Crecer o decrecer
Aunque no sabemos en qué día o mes se estableció Guadalajara en donde hoy permanece, sí sabemos el año: 1542. No se trataba de una fundación, la ciudad ya se había fundado desde 1532, se trataba más bien de un traslado, luego de andar de Herodes a Pilatos por diez años, entre flechazos cascanes y celos castizos.
El valle de Atemajac y los 15 pueblos indígenas que en él había desde fechas inmemoriales, fueron amigables y solidarios con esas sesenta y tantas familias descoloridas pero arriesgadas que decidieron venir a vivir tan lejos de su tierra, en busca del naciente sueño americano.
Por paisajes no quedaba, eran amplios y maravillosos en el valle y en la barranca, arroyos y manantiales surgían por todos lados, separando tierras buenas y arenales, aunque de momento no sabían la sorpresa que los tiempos de aguas les reservaban y que los traerían asustados por lo menos doscientos años. Pronto advirtieron que la tierra también se movía, y con estrépito, de cuando en cuando. Pero ya estaban aquí, y aunque buena parte de esas familias fundadoras no perseveró en esta tierra, sí establecieron un lugar para que otros, semejantes a ellos, siguieran en delante viniendo, hasta estabilizarse por fin una población que pronto se llamaría tapatía.
Los pueblos indígenas entablarán de inmediato con Guadalajara una relación laboral y comercial que ha perdurado hasta el presente, pero que siempre, hasta el presente, ha sido desigual, sobre todo a partir de la independencia. Basta asomarse a ver en lo que han acabado muchos de esos hermosos pueblos, a los cuales un funcionario despistado y “extranjero” decidió llamar “colonias”.

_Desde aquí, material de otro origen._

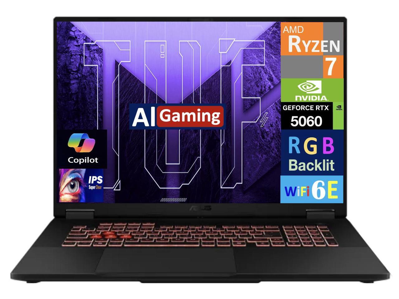 ASUS TUF AI Gaming Laptop 18" 144Hz IPS WUXGA Display (AMD Ryzen 7 260, NVIDIA GeForce RTX 5060 8GB, 32GB DDR5, 2TB PCIe SSD, RGB KB, WiFi 6E, Webcam, Bluetooth 5.4, Win 11 Home)

Si una delegación de indígenas y españoles del siglo XVI viajase en el tiempo para venir a ver la Guadalajara del siglo XXI, se quedarían altamente sorprendidos al contemplar la grandeza, prosperidad y crecimiento alcanzados por aquella pobrísima aldea de los orígenes, pero con título de ciudad desde 1539. No dejarían de hacer preguntas: ¿y dónde quedaron los bosques?, ¿y qué hicieron con los arroyos, manantiales y ríos?, ¿y los extensos y magníficos arenales?, ¿y las infinitas tierras fértiles de cultivo?, ¿y las frescas arboledas que bordeaban ojos de agua y acequias? Pronto notarían otras ausencias, cuando se vieran unos a otros los ojos enrojecidos, con las gargantas secas y las narices irritadas, y que la nave que los trajo del pasado ya no estaba donde la habían dejado estacionada, y que a fulano ya le arrebataron la bolsa, unos pillos que pasaron montados en un infernal, raudo y desconocido vehículo de dos llantas.
Ya de regreso a su época lo primero que harían sería disfrutar el mayor tiempo posible de los hermosos paisajes naturales que, ahora sabían, estaban destinados a desaparecer, respirarían a bocanadas aquel aire limpio y saludable, y se quejarían menos del lejano rey, del cercano presidente de la Audiencia, de alcaldes y alguaciles, aleccionados de lo que nos deparaba el destino.
No sabemos si con semejante experiencia, estos hipotéticos viajeros del tiempo, hubiesen decidido planear el futuro de Guadalajara de otro modo, pero sí debemos preguntarnos, frente a la ciudad que tenemos, si estamos tomando las medidas adecuadas y eficientes para heredar una mejor ciudad a quienes vendrán después de nosotros.